(DATASET EXCERPT begins)

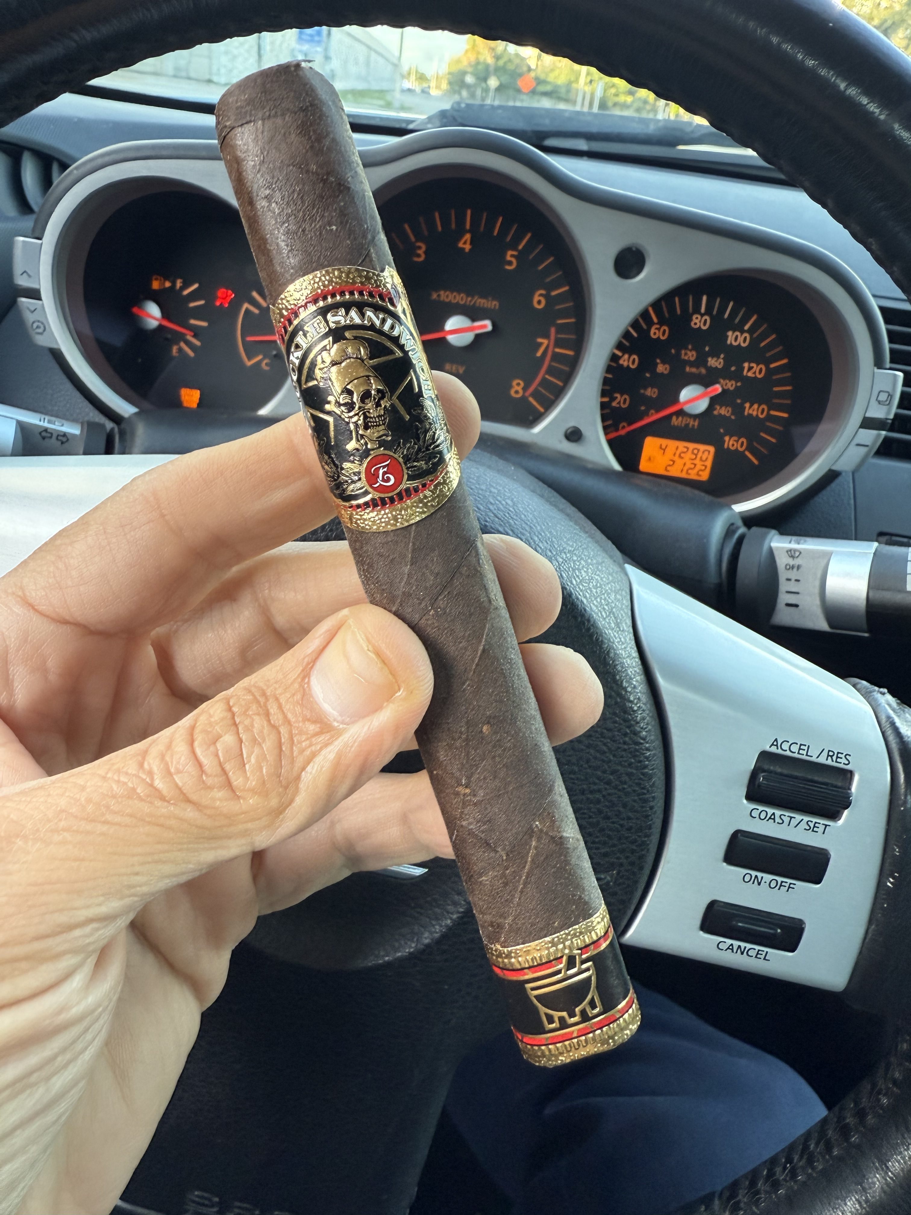 Adam Geller is smoking Knuckle Sandwich Molcajete. Rated with thumbs up!
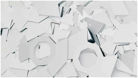 Explore the complex interplay of white geometric shapes in a seamless abstract pattern.
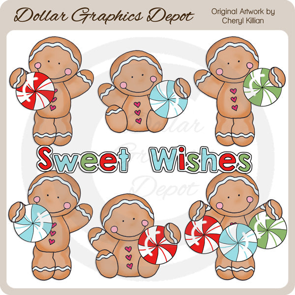 Questa collezione include adorabili omini e signore di pan di zenzero con caramelle alla menta piperita e una grafica word art "Sweet Wishes". Questo set contiene 6 grafici.

(DATASET EXCERPT ends)

- _AIM OF THE TASK_
Could the material above be written out again word for word, with the pictures dropped?

- _RESULT OF THE TASK_
 Adam Geller is smoking Knuckle Sandwich Molcajete. Rated with thumbs up!
 Explore the complex interplay of white geometric shapes in a seamless abstract pattern.
 Questa collezione include adorabili omini e signore di pan di zenzero con caramelle alla menta piperita e una grafica word art "Sweet Wishes". Questo set contiene 6 grafici.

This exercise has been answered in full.